Opinião
Sobreviver à grande inundação de capital
Apesar da recente turbulência nos mercados financeiros, a dinâmica de fundo da economia mundial mantém-se essencialmente inalterada. A grande questão não tem a ver com a forma de lidar com uma recessão, mas sim com a forma como poderemos sustentar a actua
Uma vez que se prevê que o mundo continue a crescer rapidamente, existem excelentes oportunidades de investimento que só serão financiadas se continuar a entrar capital nos países que conseguem usá-lo produtivamente.
A boa notícia é que alguns países dispõem de avultadas poupanças que pretendem investir noutros países, não se deixando desencorajar por oscilações de mercado de curto prazo. Com efeito, segundo as nossas estimativas, os influxos brutos (ou totais) de capital nos mercados emergentes passaram de 400 a 500 mil milhões de dólares [280 mil milhões a 350 mil milhões de euros] antes da crise asiática de 1997 para 800 a 900 mil milhões de dólares em 2007 e em 2008. Esses influxos deverão ascender a um bilião de dólares num futuro não muito distante.
Em retrospectiva, torna-se evidente que em 1997-98, a fraca regulação na banca e na área do “corporate governance” agravou a dimensão da contracção económica que se seguiu à “súbita interrupção” dos fluxos de capital.
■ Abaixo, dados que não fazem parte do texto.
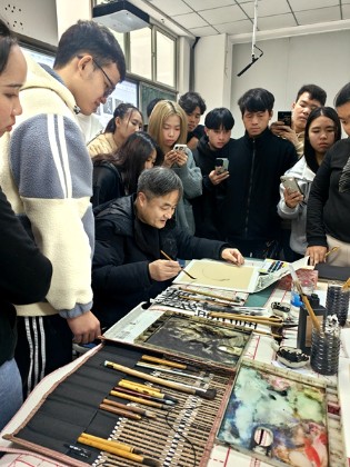 12月14日下午,继中国书法讲座后,成都锦城学院范美俊教授又为beat365留学生作了题为“中国画赏析与实践”的讲座。范美俊用深入浅出的语言,引领留学生领略了中国画的深厚内涵和独特魅力。他通过现场演示和讲解,展示了中国画在构图、线条、色彩等方面的独特之处,让留学生对中国画的魅力有了更深入的了解。留学生们也跃跃欲试,表现出了深厚的兴趣。他们在范美俊的指导下,将自己对中国传统文化的理解和热爱凝聚在笔尖,展现于画纸,创作出了一幅幅朴拙的作品。

Mas, concretamente, de que forma incide isto na maneira como os países de baixos e médios rendimentos deveriam hoje fixar as suas políticas relativas às balanças de capital no meio da actual inundação?
Deve um país com fragilidades no seu sistema financeiro simplesmente evitar a entrada de capital? Se bem que agora seja mais difícil, os países continuam a poder escolher – pelo menos em certa medida – o seu grau de abertura aos influxos de capital. No entanto, o controlo do capital não é a única variável que determina a abertura financeira. A evidência sugere que outros factores, como a qualidade das instituições económicas e políticas, têm pelo menos a mesma imporância na determinação da quantidade de capital que um país atrairá. Mas o que determina o benefício que os países obterão com a globalização financeira?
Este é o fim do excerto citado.